Officials rush to help hospitals, doctors affected by Change Healthcare hack

UnitedHealth had previously announced that it would make emergency payments available to health-care providers affected by the Change Healthcare hack, but physicians have said the offers are insufficient. Some doctors who are waiting for hundreds of thousands of dollars in bills to be paid have reported receiving offers of several hundred or a few thousand dollars.

Health care leaders on Saturday called on Congress to take more actions to address the ongoing crisis, such as mandating that other private-health plans also advance emergency funding to physicians, hospitals and other providers. Medicare officials had encouraged the plans to do so but lacks the statutory authority to compel them.

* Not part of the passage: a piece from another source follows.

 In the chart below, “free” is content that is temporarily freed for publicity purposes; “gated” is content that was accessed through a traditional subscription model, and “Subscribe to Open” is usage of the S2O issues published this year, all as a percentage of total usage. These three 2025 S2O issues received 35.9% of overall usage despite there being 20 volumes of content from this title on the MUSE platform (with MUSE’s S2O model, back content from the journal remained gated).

“The CMS leadership thinks that these health plans should be stepping up to help us keep patient care rolling and care available,” said Chip Kahn, CEO of the Federation of American Hospitals, a trade group representing for-profit hospitals. “Health plans seem to have not gotten the memo.”

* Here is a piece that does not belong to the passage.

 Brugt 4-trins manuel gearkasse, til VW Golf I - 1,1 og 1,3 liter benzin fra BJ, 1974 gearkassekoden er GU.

While UnitedHealth on Thursday announced a timeline to bring its network back online, saying that it expects to begin testing and reestablishing its claims network on March 18, Kahn and other leaders said they were still bracing for weeks of continued disruption.

“Just having the system initially restored doesn’t mean that claims are going to be flowing, or that payments are going to be flowing, potentially for weeks,” Mostashari said. “I worry a little bit that people are going to look at that announcement and say, ‘Oh, on March 18th, money will be in my bank account.’ That is not the case.”